We are very excited about our expansion and our confidence is underpinned by the strong performance we’re seeing in new clubs, particularly in new markets where our brand is resonating. In our Michigan clubs and in Pensacola, Florida, first year renewal rates are well above chain wide averages. Overall, we are incredibly proud of our results. We capitalized on the current environment and delivered record results. Our performance exceeded our internal plans across all key metrics, increasing our confidence in the balance of this year. While there continues to be a tremendous amount of uncertainty, our ability to retain numbers and market share has been strong and we continue to execute at the highest levels.

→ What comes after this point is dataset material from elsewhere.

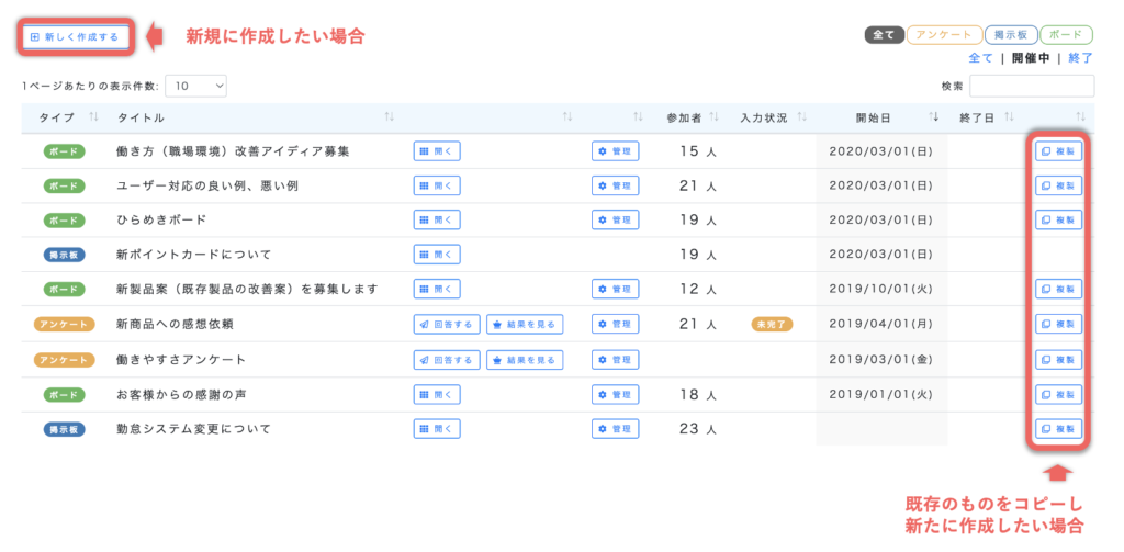 一覧画面が表示されますので、画面左上の「新しく作成する」もしくは「既存の掲示板を複製」し、掲示板を作成します。

The resurgence of the virus and resulting effects on plans to go back to work will likely keep food-at-home consumption high for longer. We also expect tailwinds from continued government assistance, such as the child tax credit. Offsetting those tailwinds are uncertainty around inflation and inventory availability and the expected decreases in unemployment funding. When we mix all that together, our current view over the back half sales trend has improved from what we thought it would be at the end of Q1. These stronger outlook for sales will be offset by increasing expenses such as margin pressures from inflation and freight costs along with considerable investments we were proud to make in our team and in their safety.

While the impact and benefit of all these factors are far from clear, we do know that our business is extremely well positioned and poised for further growth. Our better-than-expected results for the first half of this year continue to validate our strategy and execution. We remain confident that our membership trends, assortment initiatives, enhanced digital capabilities and robust real estate pipeline will power a long-term algorithm that includes mid single-digit topline growth.

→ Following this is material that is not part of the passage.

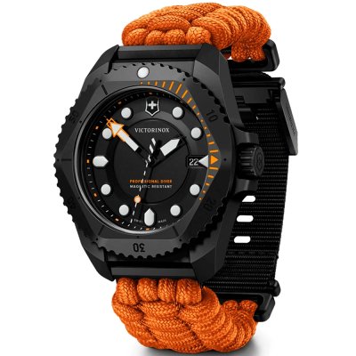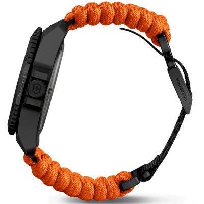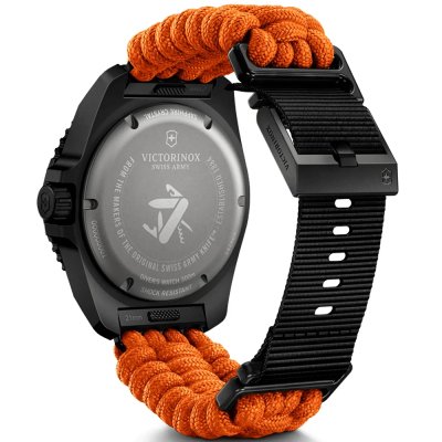 Diese Victorinox Uhr hat ein Titan Gehäuse mit einem Durchmesser von 43 mm und ist mit einem Armband aus Paracord versehen. In der Uhr arbeitet ein Ronda Uhrwerk. Das Glas der Uhr besteht aus Einfaches reflektionsfreies Saphirglas - Glas.

Let me turn the call over to Laura to give a bit more color on our results and our view of the future. Laura?

Laura Felice — Executive Vice President, Chief Financial Officer

Thank you, Bob, and good morning, everyone. Let me start by thanking our team members and our clubs, distribution centers and home office for their continued hard work in the midst of a sustained challenging environment. We are excited to report another great quarter anchored by strong performance and significant progress against our strategic priorities.

Let me now turn to our results for the second quarter. Net sales for Q2 were $4.1 billion. Merchandise comp sales, which exclude sales of gasoline reflected a positive 21% two-year stacked comp and outpaced our internal expectations. Our performance exceeded our expectations for every month of the quarter and we are very pleased with the results we are seeing across categories and geographies. Membership trends were strong throughout the quarter and consumer spending habits as well as our market share gain exceeded our expectation. Digitally-enabled sales grew by approximately 4% and 304% on a two-year stacked basis and drove about 4 percentage points of our 21% stacked merchandise comp. On a stack basis, we saw robust growth across all of our digital channels, particularly in BOPIC and curbside pickup as well as same-day delivery.

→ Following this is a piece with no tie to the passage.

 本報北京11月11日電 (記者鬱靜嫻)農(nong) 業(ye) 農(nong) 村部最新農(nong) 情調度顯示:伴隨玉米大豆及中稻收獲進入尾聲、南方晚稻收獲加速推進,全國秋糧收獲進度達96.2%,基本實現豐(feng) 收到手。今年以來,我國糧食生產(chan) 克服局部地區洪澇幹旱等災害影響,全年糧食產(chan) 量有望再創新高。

The nature of this growth is important because it’s centered on the fulfillment method where we have advantaged economics. As you know, we operate in a warehouse environment with a limited number of SKUs and a higher average ticket, enabling us to be more efficient. BOPIC and curbside sales tend to skew towards bigger baskets and same-day delivery sales have the same margins as traditional sales in our clubs. As Bob noted, digitally-engaged members have higher average basket and make more trips per year than members who all shop in our clubs. And as we’ve said before, generally, the more a member shops and spend, the more likely they are to renew.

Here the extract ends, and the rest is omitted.